Bridging Taxonomic Semantics to Accurate Hierarchical Classification
Lei Tang (Arizona State University, USA), Huan Liu (Arizona State University, USA) and Jiangping Zhang (The MITRE Corporation, USA)
Copyright: © 2009
The unregulated and open nature of the Internet and the explosive growth of the Web create a pressing need to provide various services for content categorization. The hierarchical classification attempts to achieve both accurate classification and increased comprehensibility. It has also been shown in literature that hierarchical models outperform flat models in training efficiency, classification efficiency, and classification accuracy (Koller & Sahami, 1997; McCallum, Rosenfeld, Mitchell & Ng, 1998; Ruiz & Srinivasan ,1999; Dumais & Chen, 2000; Yang, Zhang & Kisiel, 2003; Cai & Hofmann, 2004; Liu, Yang, Wan, Zeng, Cheng & Ma, 2005).

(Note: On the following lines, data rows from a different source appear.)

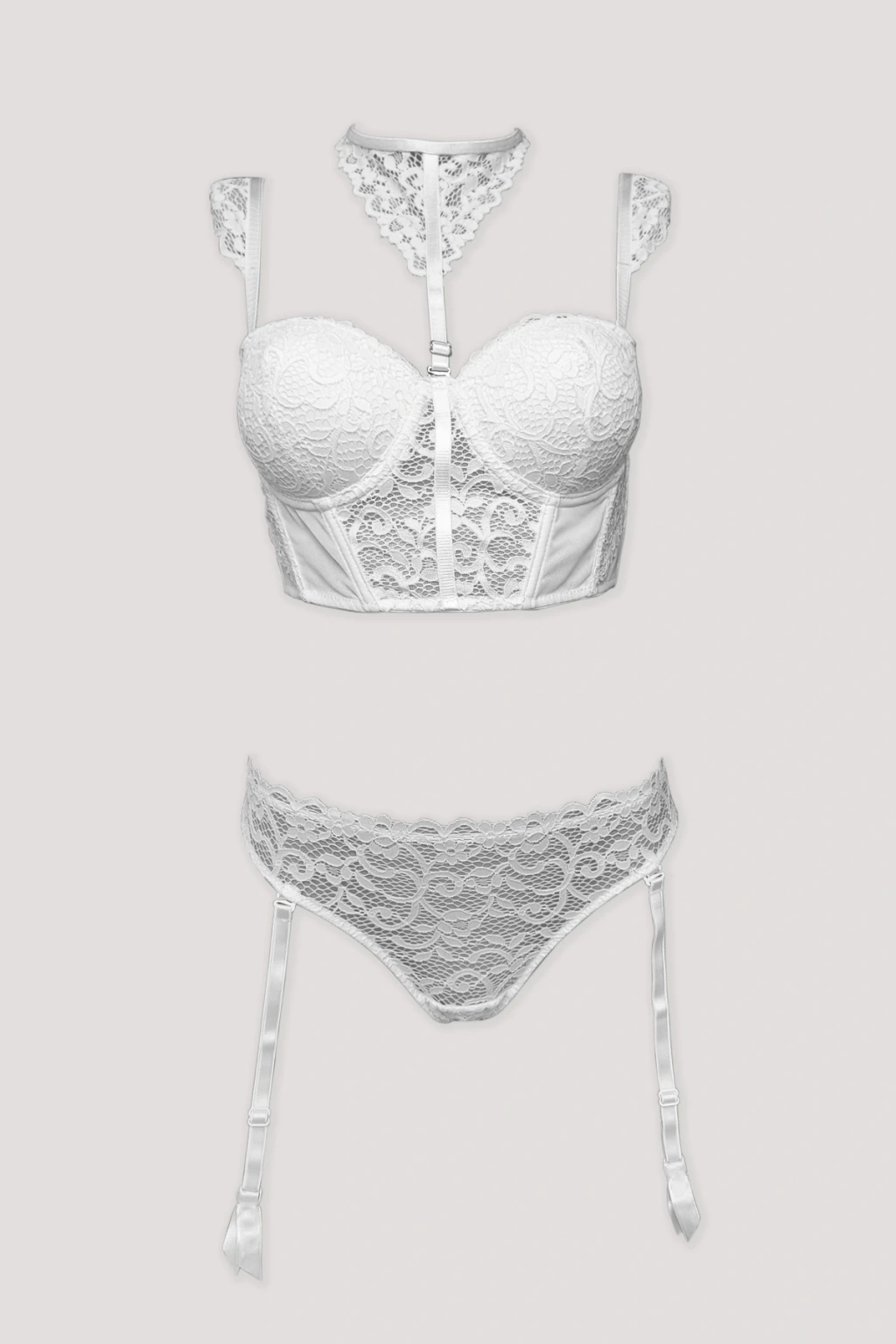 Ekru 4862 Cenova 3'lü Jartiyerli Büstiyer Sütyen Tanga / Fantezi İç Çamaşır Takımı Çorap Hediyeli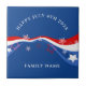Eine abstrakte amerikanische Fahne mit US Flagge in Rot und Blau. Alles Gute zum 4. Juli Sondertext und Familienname. Modernes patriotisches Design.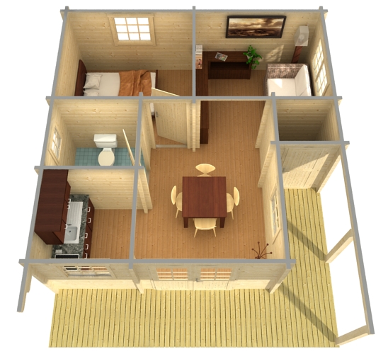 - Пропитанная рама-основание, напольные лаги и настил для террасы (если терраса входит в комплект)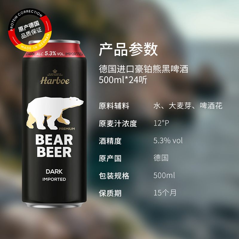 【德国原装进口】豪铂熊黑啤啤酒500ml*24听整箱装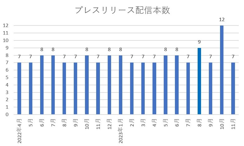 下記が私が広報担当になってから配信したプレスリリースの本数推移です。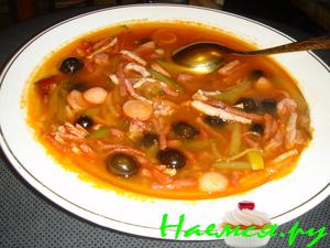 1) Надо из говядины или из языка сварить бульон, а лучше и из того и из другого соединить потом вместе.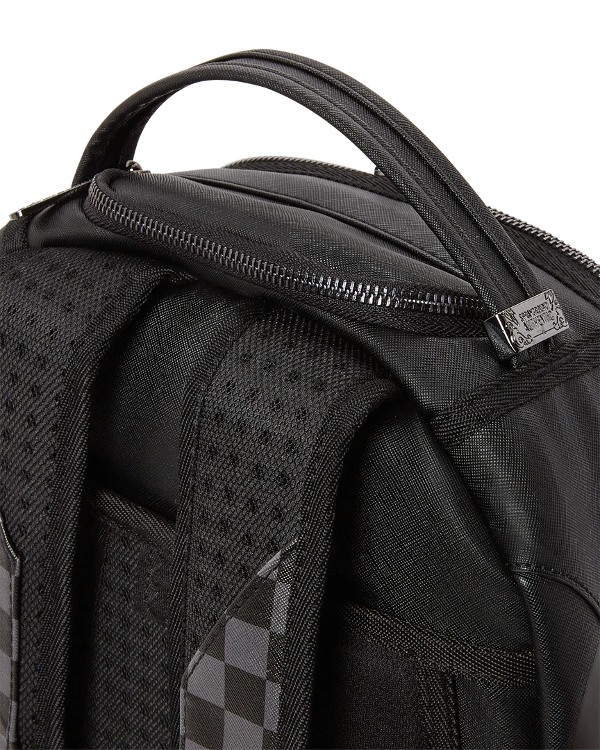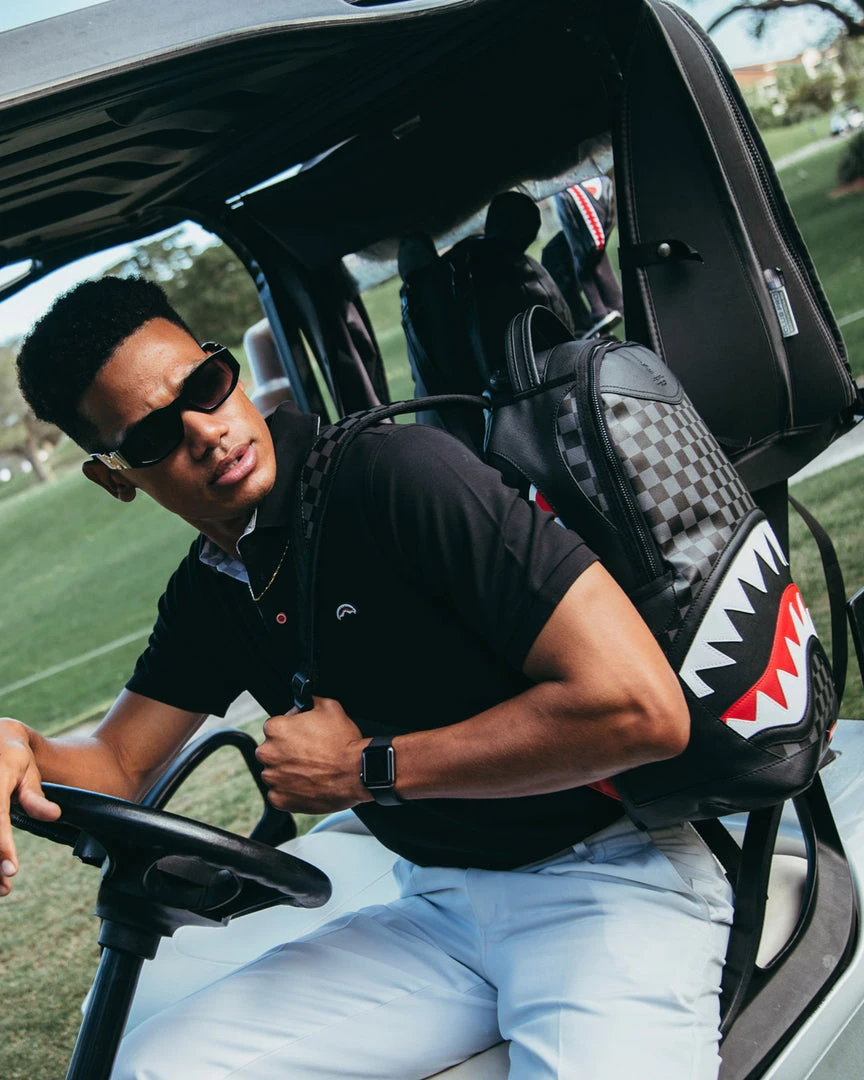 Dimensions: 18″ x 6″ x 11.5″ • Front zipper pocket • Side pockets • Zippered Stash pocket • Separate velour sunglass compartment • Ergonomic mesh back padding • Adjustable Straps for custom sizing • Gold zippers with metal hardware • Metal “Sprayground Authentic” badge • Slide through back sleeve connects to carry-on luggage to free your hands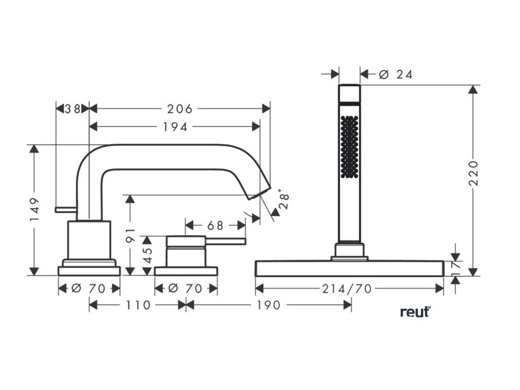 Hansgrohe Tecturis S Batéria na okraj vane, 3-otvorová inštalácia, sBox, matná biela 73447700-HG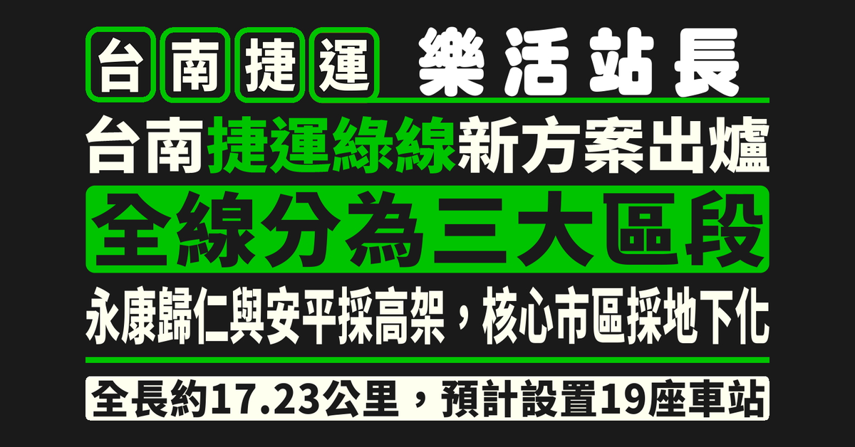 ?這樣改你怎麼看?台南捷運綠線新版方案出爐! 台南捷運綠線改版方案出爐,全長約17.23公里,預計設置19座車站。核心市區段將採地下化設計,西延至永華路二段建平路口出土,以降低對景觀與交通的衝擊,出土段設在中央分隔帶,工程費用僅增加約6%。...?這樣改你怎麼看?台南捷運綠線新版方案出爐! 台南捷運綠線改版方案出爐,全長約17.23公里,預計設置19座車站。核心市區段將採地下化設計,西延至永華路二段建平路口出土,以降低對景觀與交通的衝擊,出土段設在中央分隔帶,工程費用僅增加約6%。...?這樣改你怎麼看?台南捷運綠線新版方案出爐! 台南捷運綠線改版方案出爐,全長約17.23公里,預計設置19座車站。核心市區段將採地下化設計,西延至永華路二段建平路口出土,以降低對景觀與交通的衝擊,出土段設在中央分隔帶,工程費用僅增加約6%。...

However, the quality of the taxonomy attracted little attention in past works. Actually, different taxonomies can result in differences in classification. So the quality of the taxonomy should be considered for real-world classifications. Even a semantically sound taxonomy does not necessarily lead to the intended classification performance (Tang, Zhang & Liu 2006). Therefore, it is desirable to construct or modify a hierarchy to better suit the hierarchical content classification task.
In practice, semantics based taxonomies are always exploited for hierarchical classification. As the taxonomic semantics might not be compatible with specific data and applications and can be ambiguous in certain cases, the semantic taxonomy might lead hierarchical classifications astray. There are mainly two directions to obtain a taxonomy from which a good hierarchical model can be derived: taxonomy generation via clustering or taxonomy adaptation via classification learning.